UA / RU
Поддержать ZN.ua

ЛЬВОВСКИЙ «СОБОР»: НЕПЕРЕВЕРНУТЫЕ СТРАНИЦЫ

8 марта исполнилось 50 лет Львовскому псевдособору 1946 г., бросившему в катакомбы Греко-Католическую церковь в Украине - крупнейшую из запрещенных режимом религиозную общность в бывшем СССР...

Автор: Виктор Еленский

8 марта исполнилось 50 лет Львовскому псевдособору 1946 г., бросившему в катакомбы Греко-Католическую церковь в Украине - крупнейшую из запрещенных режимом религиозную общность в бывшем СССР. События полувековой давности полностью достоянием истории, увы, еще не стали - в условиях многостороннего межцерковного конфликта раны рубцуются мучительно медленно.

Прелюдия

Намерения ликвидировать Греко-Католическую церковь вызревали, очевидно, еще в тот период, который в советской историографии открывался «золотым сентябрем» 1939 г., а в диаспорной жестко именовался «первой советской оккупацией Галиции». На духовенство обрушились жесточайшие репрессии, и одновременно «канонисты в штатском» старательно собирали сведения о разногласиях между клириками «восточной» и «латинской» ориентаций. Среди «особо интересовавшихся» был, кстати, и автор любимой советским юношеством «Старой крепости» Владимир Беляев. Еще тогда НКВД обратил внимание на принципиального критика латинизации Греко-Католической церкви протопресвитера Гавриила Костельника. Однако Костельник при всем своем антимирском пафосе был настолько далек тогда от роли ликвидатора унии, что НКВД арестовал его сына Богдана и принялся грубо шантажировать отца.

По целому ряду причин уничтожение Церкви в течение 1939 - 1941 гг. не состоялось. Но относительно намерений режима митрополит Андрей Шептицкий, по крайней мере, иллюзий не питал: «Имеем основания опасаться такой катастрофы, которой наш народ никогда еще не переживал», - писал он. И Иосифа Слипого назначил почти неподвижный уже митрополит своим преемником, потому что верил в несгибаемость отца-ректора. «Этот не сломается, - сказал он как-то в своем окружении. - Умрет, но не сломается».
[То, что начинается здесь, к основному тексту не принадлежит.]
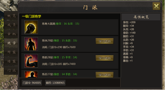 玩家加入门派后不仅可以学习到高深莫测的门派技能,还可通过每日任务获得门派令和门派贡献,消耗相应的门派令和铜币可以学习门派绝学,随着门派等级越高,开放更高阶的绝学可供学习。
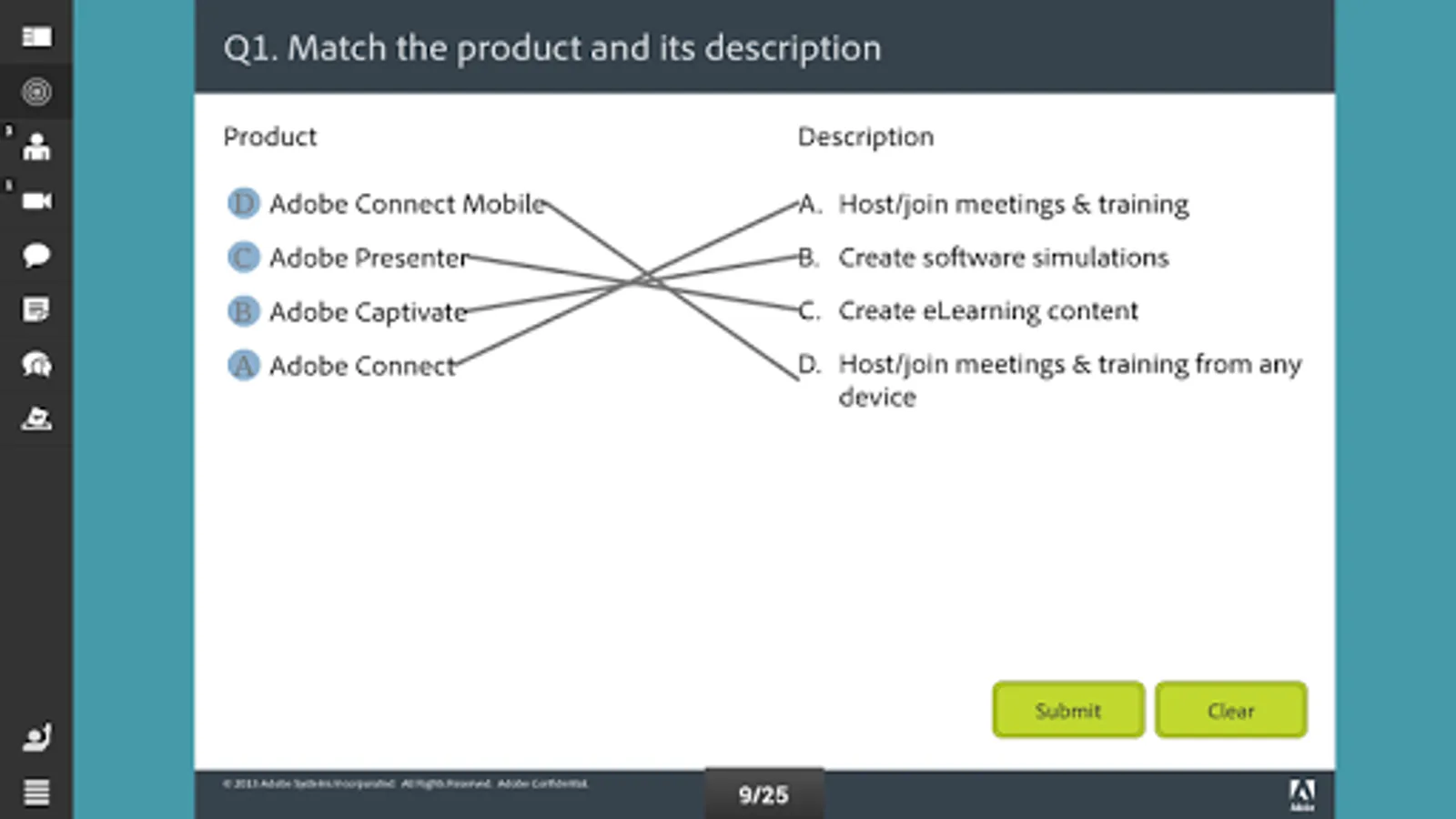 Launch and manage meetings - controlling attendee rights, recording, audio conferencing, and layouts. Share PowerPoint® presentations, PDF documents, and even video from your online library. Use your tablet to smoothly whiteboard and annotate directly on content. Participate in multi-point video conferencing using your device’s cameras. View the whole meeting, or zoom in to see content, chat, ask questions using Q&A, and respond to polls. Use VoIP meeting audio, or chose to join a telephone conference if included with the meeting. Use custom pods to view closed captioning, YouTube videos, learning games, and more.

Арестованный 11 апреля 1945 г. Кир Иосиф действительно не сломался. Не сломались и епископы Будка, Чернецкий, Хомишин и Лятышевский - ни один из них не принял предложения перейти в православие. Арест епископа развеял последние сомнения - власть не потерпит Греко-Католическую церковь ни при каких условиях. Тщетными оказались и приветствие Верховному Главнокомандующему, и 100 тысяч рублей, пожертвованных на Красный Крест, и обращение Иосифа Слипого «К духовенству и верующим» (23 ноября 1944 г.), где митрополит призвал людей С.Бандеры «вернуться с неправильного пути». Какой-то период режиму понадобился, чтобы выиграть время. Продолжалась война, в советском тылу действовали повстанческие формирования, впереди были еще Ялта с Потсдамом и чрезвычайно напряженный торг с союзниками, чувствительными к соблюдению религиозных свобод. Поэтому Н.Хрущев прислал венок на могилу Андрея Шептицкого, а делегацию ГКЦ в конце 1944 г. приняли в Москве и заверили, что униатам в пределах СССР ничего не угрожает. Но проект уничтожения Церкви вчерне был готов еще до конца войны.

План

Исследователи до сих пор дискутируют: какой из факторов - внутри- или внешнеполитический - оказался решающим в принятии решения о ликвидации ГКЦ. Церковь представляла собой главное институциональное препятствие на пути советизации края; надежды использовать ее в борьбе против националистического подполья провалились, многие священники поддерживали, и не только морально, движение сопротивления «социалистическим преобразованиям». С другой стороны, уничтожение ГКЦ призвано было блокировать влияние Ватикана (который в тогдашней пропагандистской лексике мягче, чем «оплот мировой реакции», не именовался) на западноукраинские земли и поставить регион под дополнительный контроль вполне уже управляемого Московского патриархата. Ватикан действительно очень беспокоил советскую внешнеполитическую службу. Апостольская столица настойчиво предостерегала союзников от уступок Сталину в Европе и предпринимала серьезные дипломатические усилия, дабы помешать осуществлению советских планов послевоенного переустройства мира. Упорство Ватикана подтолкнуло Кремль к проекту создания пан-православной Европы с центром в Москве. Предстоятели православных церквей наперебой признавались в любви к «III Риму» и лично генералиссимусу, всесоюзный староста Калинин вручил орден патриарху Московскому Алексию I и посоветовал ему поактивнее выходить на внешнюю арену, а Католическая церковь была поставлена, по сути дела, вне закона.

Карповский меморандум

Непосредственно план ликвидации Греко-Католической церкви разработал полковник госбезопасности Г.Карпов, назначенный в сентябре 1943 г. председателем Совета по делам Русской православной церкви при СНК СССР. Фигура Карпова была столь зловещей, что в хрущевские времена «разоблачения культа личности» он даже получил строгий выговор за «грубые нарушения социалистической законности» в 1937 - 38 гг. Но учитывая его «позитивный труд в последующие годы», этим дело и кончилось. К «позитивным трудам», очевидно, было отнесено и уничтожение ГКЦ. Карпов предлагал сделать это руками православной Церкви. Ознакомившись с девятью страницами его проекта от 15 марта 1945 г., Сталин наложил резолюцию: «Тов. Карпову. Со всеми мероприятиями согласен. Сталин».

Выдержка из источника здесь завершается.